HDFC is India’s premier housing finance company and enjoys an impeccable track record in India as well
as in international markets. Since its inception in 1977, the Corporation has maintained a consistent and
healthy growth in its operations to remain the market leader in mortgages. Its outstanding loan portfolio
covers well over a million dwelling units. HDFC has developed significant expertise in retail mortgage
loans to different market segments and also has a large corporate client base for its housing related credit
facilities.

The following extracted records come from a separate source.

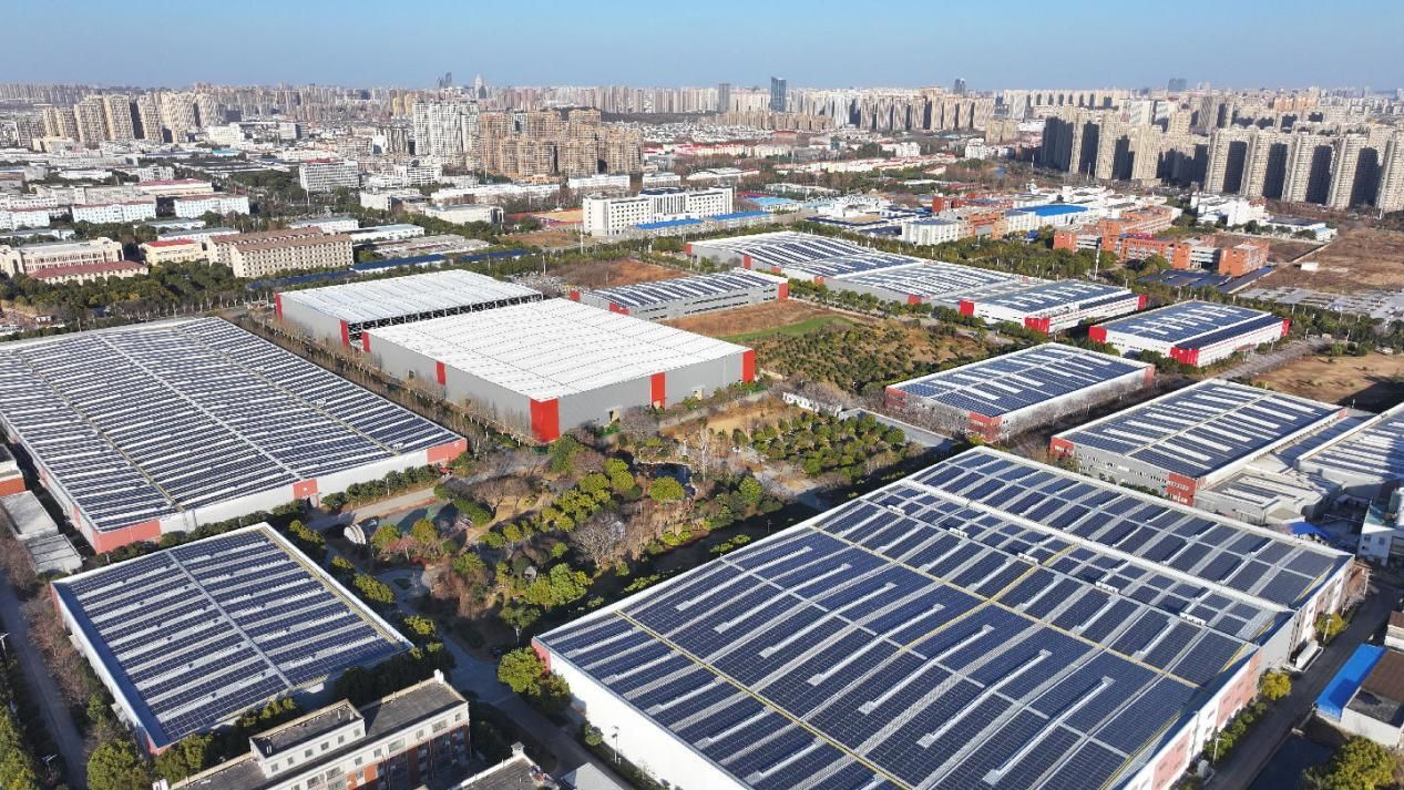 俯瞰蚌埠高新区工厂屋顶的光伏板。 蚌埠高新区管委会党政办供图
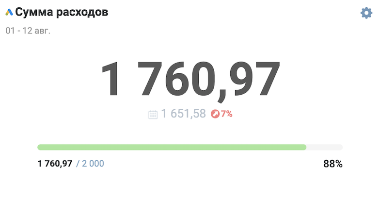 Наблюдайте за суммой расходов на рекламу Google Ads. Назначайте ваш рекламный бюджет как цель и отслеживайте «план/факт» затрат на контекстную рекламу.
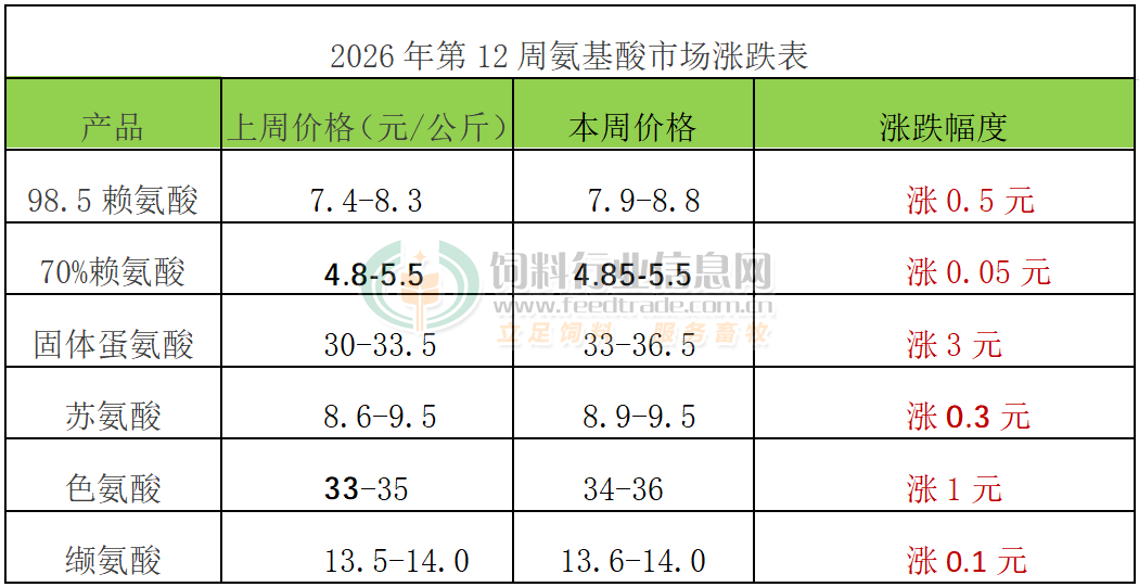 賴氨酸市場中,98%賴氨酸參考報價區間7.9-8.8元/公斤,70%賴氨酸參考報價區間4.8-5.5元/公斤。2025年12月,我國賴氨酸與賴氨酸鹽及酯的出口量為9.8萬噸,同比增0.4%,環比增8.4%。3月16日星湖伊品大品種氨基酸上調300-1000元/噸。3月18日市場稱金玉鋒98%賴氨酸報價8.5元/公斤,70%賴氨酸報價5.2元/公斤。因原料成本上漲且出口簽單較好,賴氨酸廠家挺價意愿偏強,市場價格重心上行。
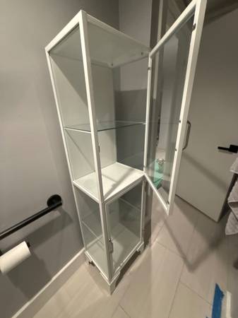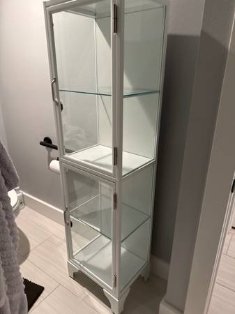 Bathroom floor standing cabinet made from glass and metal. In like new condition. $100 13” d x 17” wide x 62” high. Easy to move the doors come off easily.
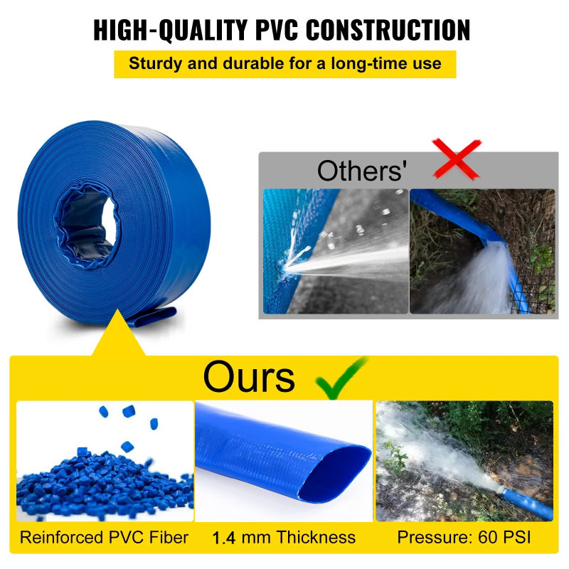 Tuyau plat en PVC de 50 mm (2 pouces), rouleau de 50 m, tuyau de refoulement flexible pour piscine, drainage, pompage d'eau, systèmes d'irrigation
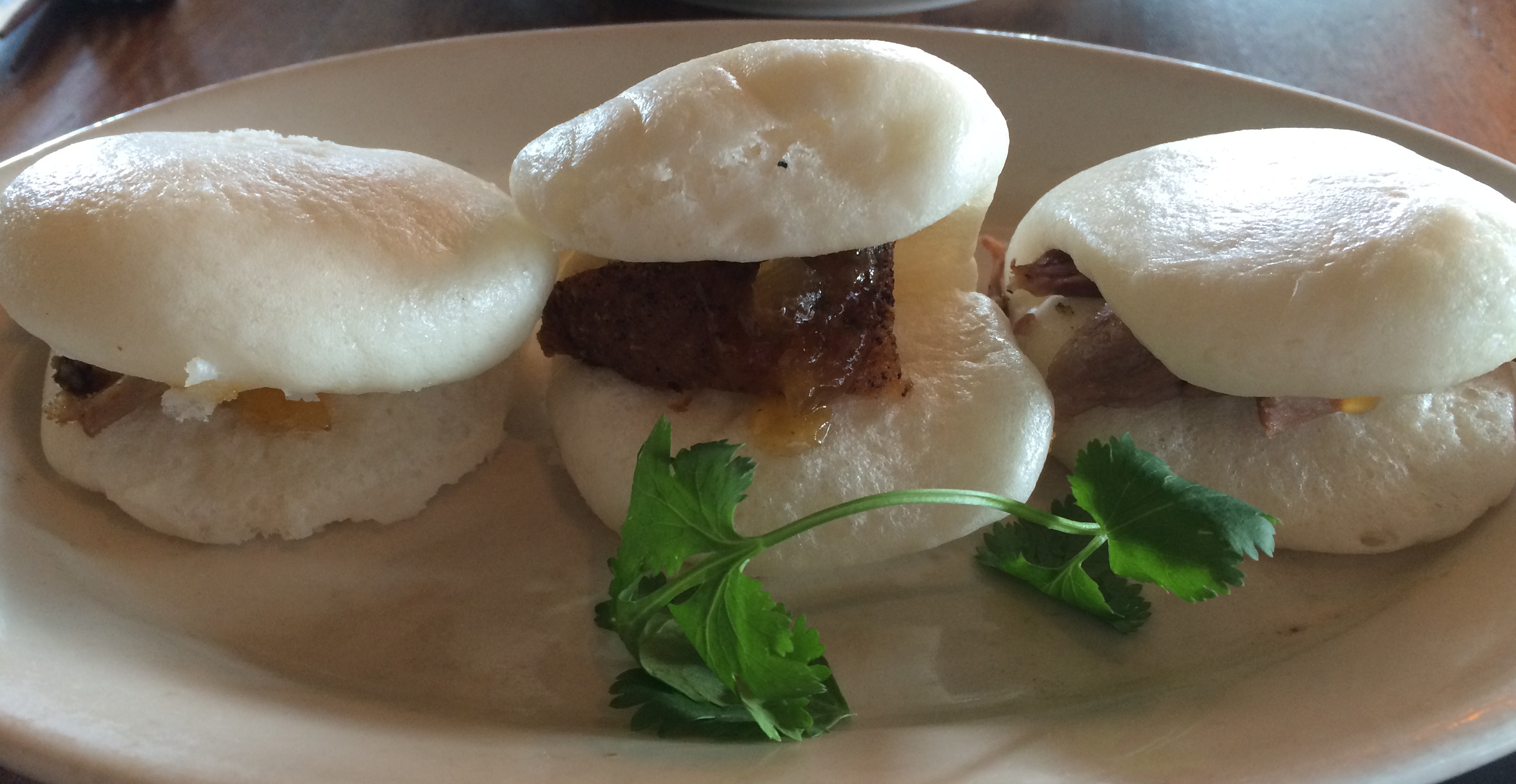 We started with Duck Sliders. Marinated Duck inside of a Dong Po Rou Mantou. The flavor of the duck was nice, but the Mantou was a little hard.
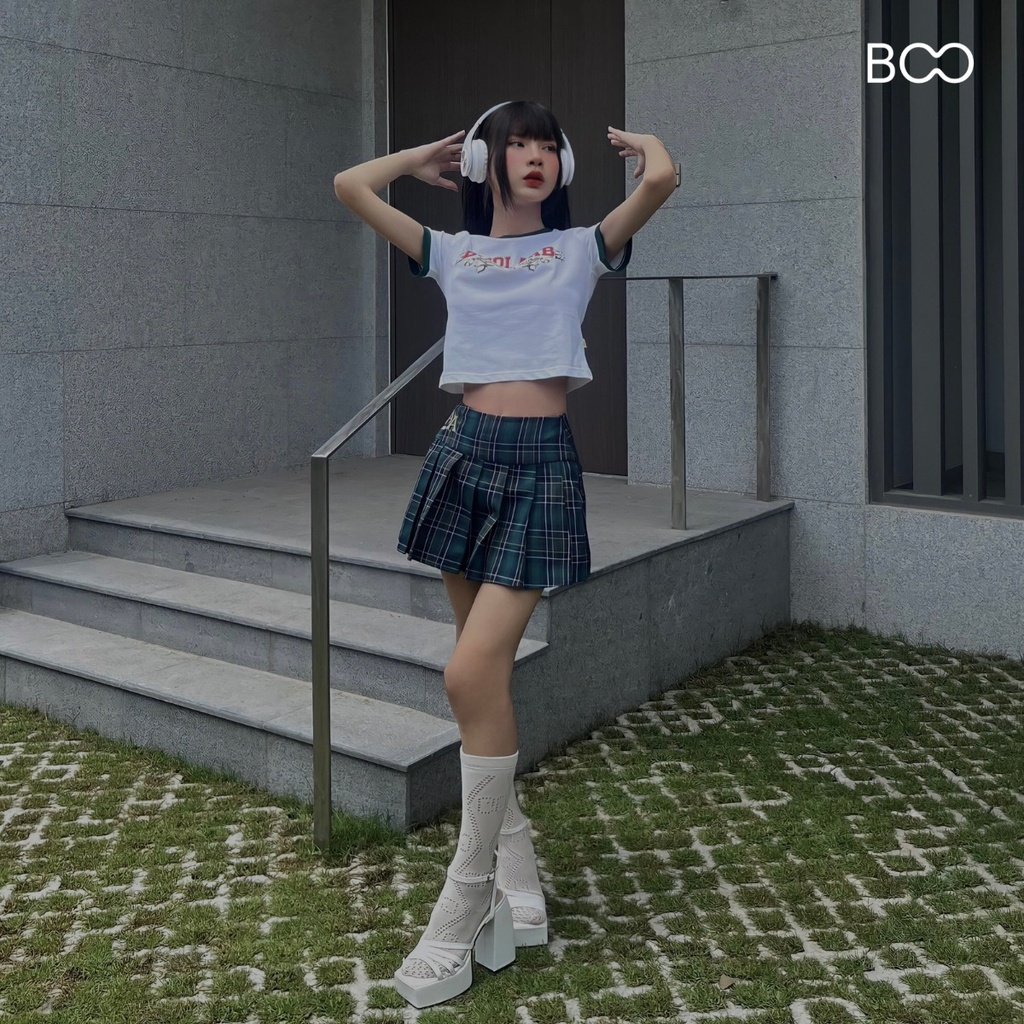 - Áo crop dáng ôm sát cơ thể, với thiết kế hiện đại, viền cổ màu xanh lá đậm, trước ngực được in chữ Boolaab làm nổi bật nhận diện thương hiệu cùng hình in quả bông
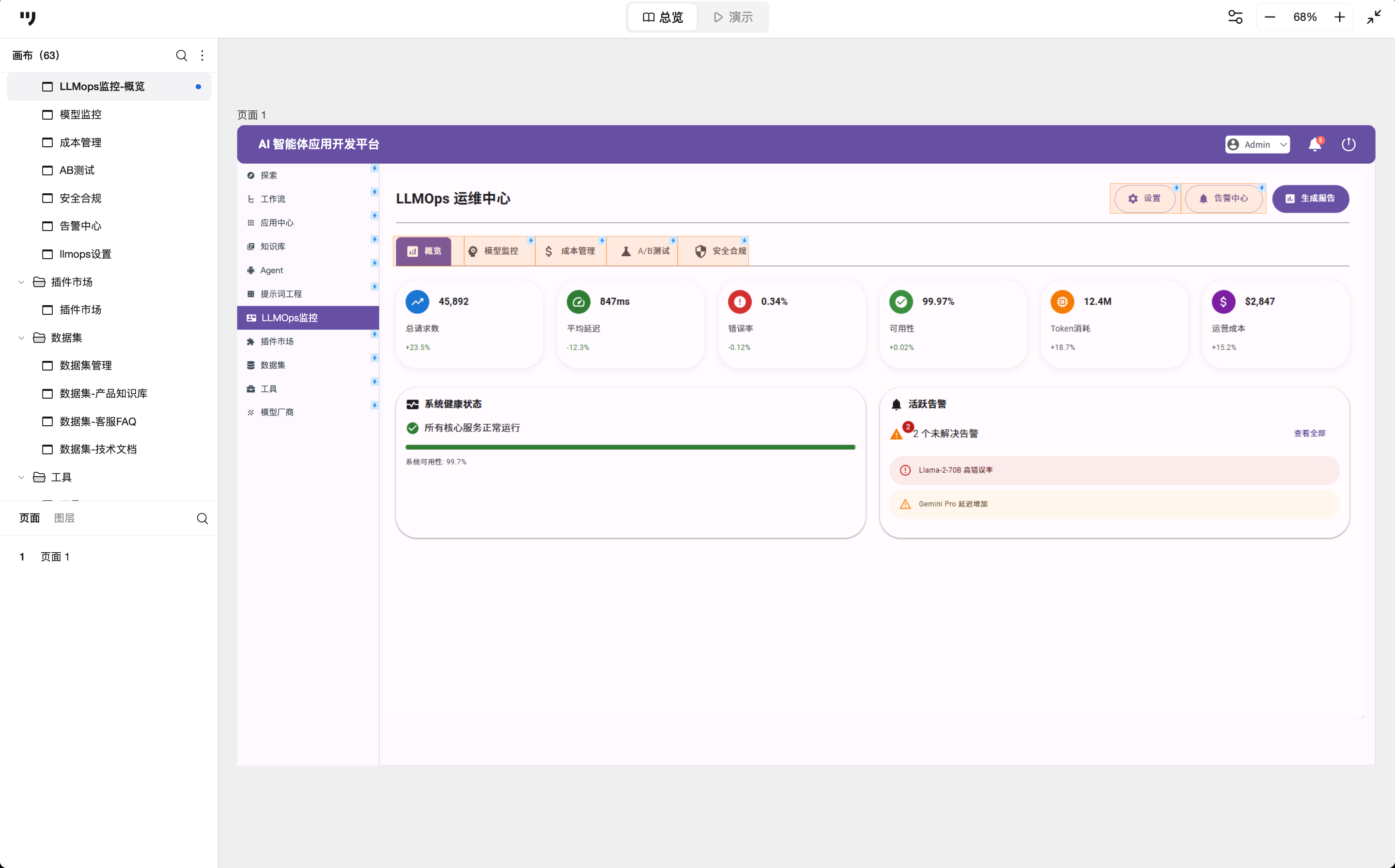 LLMOps运维中心是AI应用的生产仪表盘,用户在这里可以关注稳定性与成本。它分为概览、模型监控、成本管理、A/B测试、安全合规5个Tab。以概览页面为例:
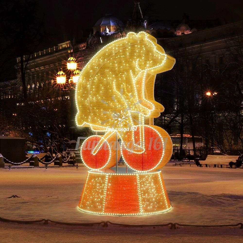 Представляем вам уникальную световую фигуру «Медведь на велосипеде» — настоящий хит среди световых инсталляций!
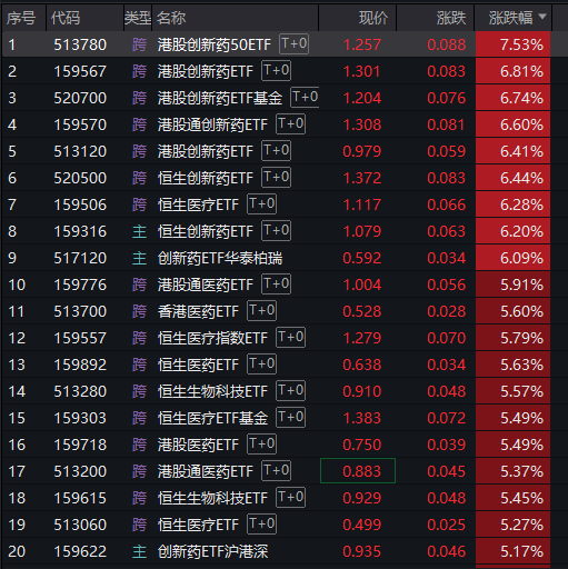 今日早盘,医药板块表现抢眼,多只医药股涨停。其中,欧康医药“30cm”涨停,多瑞医药、和元生物、诚达药业“20cm”涨停,艾迪药业、成都先导等个股均大涨超10%,超30股涨超9%。此外,多只港A相关医药ETF集体大涨,尤其是港股创新药ETF表现尤为突出,截至发稿,港股创新药50ETF涨幅超过7.5%。
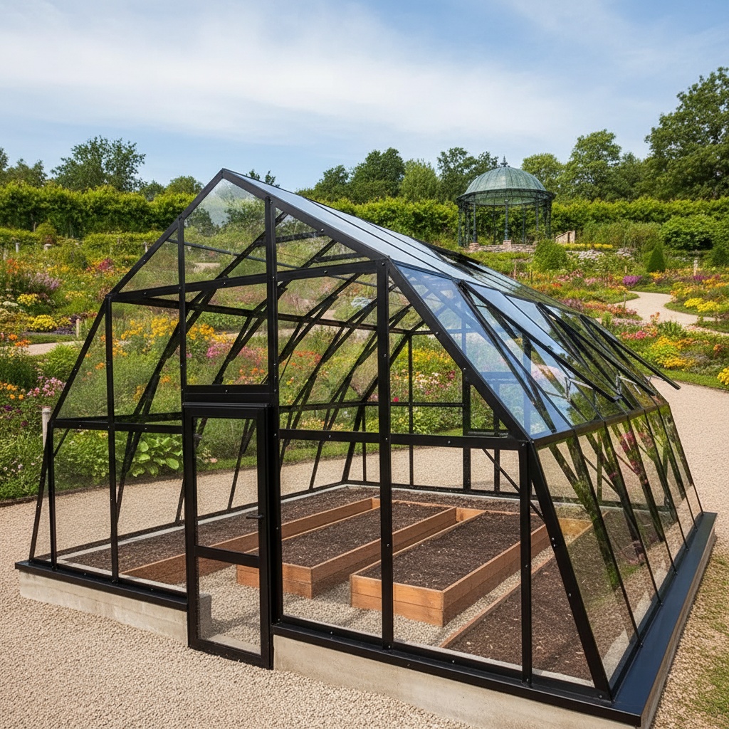 Современная теплица НЕМАН ориентирована на тех, кому требуется крупное остекленное пространство для сезонного выращивания, размещения большого количества растений и стеллажей. Конструкция имеет увеличенную ширину — 5 метров, что обеспечивает значительный внутренний объем и делает конструкцию сопоставимой по габаритам с полноценной оранжереей.
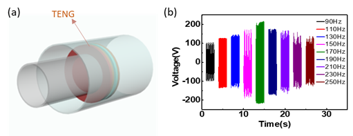 研究人员将摩擦纳米发电机(TENG)与聚合物管集成起来,用于从环境中获取声能,其工作频率稳定在20 Hz-1000 Hz之间。TENG是由电纺聚偏氟乙烯(PVDF)纳米纤维和导电织物组成,独特的结构设计,有利于声能的捕捉和电输出的增强。在170 Hz和115 dB的声波下,TENG开路电压和短路电流分别可以达到400 V和175 µA,瞬时最大输出功率密度为7 W/m2。另外,该系统不仅可用于音频分析和噪声检测,还可作为一种自驱动的麦克风。该成果设计的TENG不仅可以分辨出音叉的频率,还可以记录人说话的声音,并分辨出人的语音信号的频率范围。此外该成果还演示了用TENG记录中国传统名曲《茉莉花》,并通过电脑将记录的音乐播放出来。该成果不仅为制造高性能声音驱动的摩擦纳米发电机提供了一种简单、经济有效的方法,而且使自供电传感应用成为可能,在人工智能、物联网、环境降噪等方面具有潜在的应用前景。
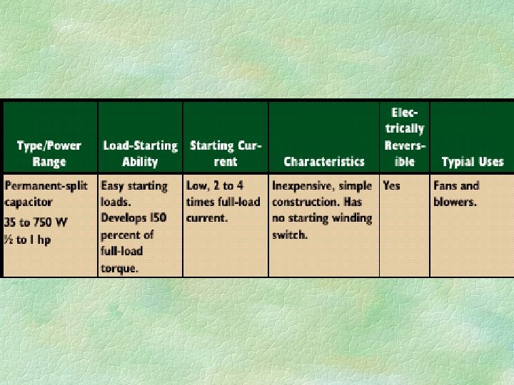 Permanent-split capacitor motors § Use the same value of capacitance in both starting and running windings. § They have very low starting torque and no starting mechanism.

With its experience in the financial markets, strong market reputation, large shareholder base and
unique consumer franchise, HDFC was ideally positioned to promote a bank in the Indian environment.
As of June 30, 2017, the bank's distribution network was at 4,715 branches and 12,260 ATMs across 2,657
cities and towns. The bank also installed 4.30 Lakhs POS terminals and issued 235.7 Lakhs debit cards and
85.4 Lakhs credit card in FY 2017.

 Vision of the company


“To be customer driven best managed enterprise that enjoys market leadership in providing housing related
finance”

 Mission of the company


“HDFC banks mission is to be “a World Class Indian Bank”, benchmarking them against international
standards and best practices in terms of product offerings, technology, service levels, risk management and
audit & compliance”

 Objective of the company


“Is to build sound customer franchises across distinct business so as to be a preferred provider of banking
services for target retail and wholesale customer segments and to achieve a healthy growth in profitability,
consistent with the bank’s risk appetite. We are committed to do this while ensuring the highest levels of
ethical standards, professional integrity, corporate governance and regularity compliance.”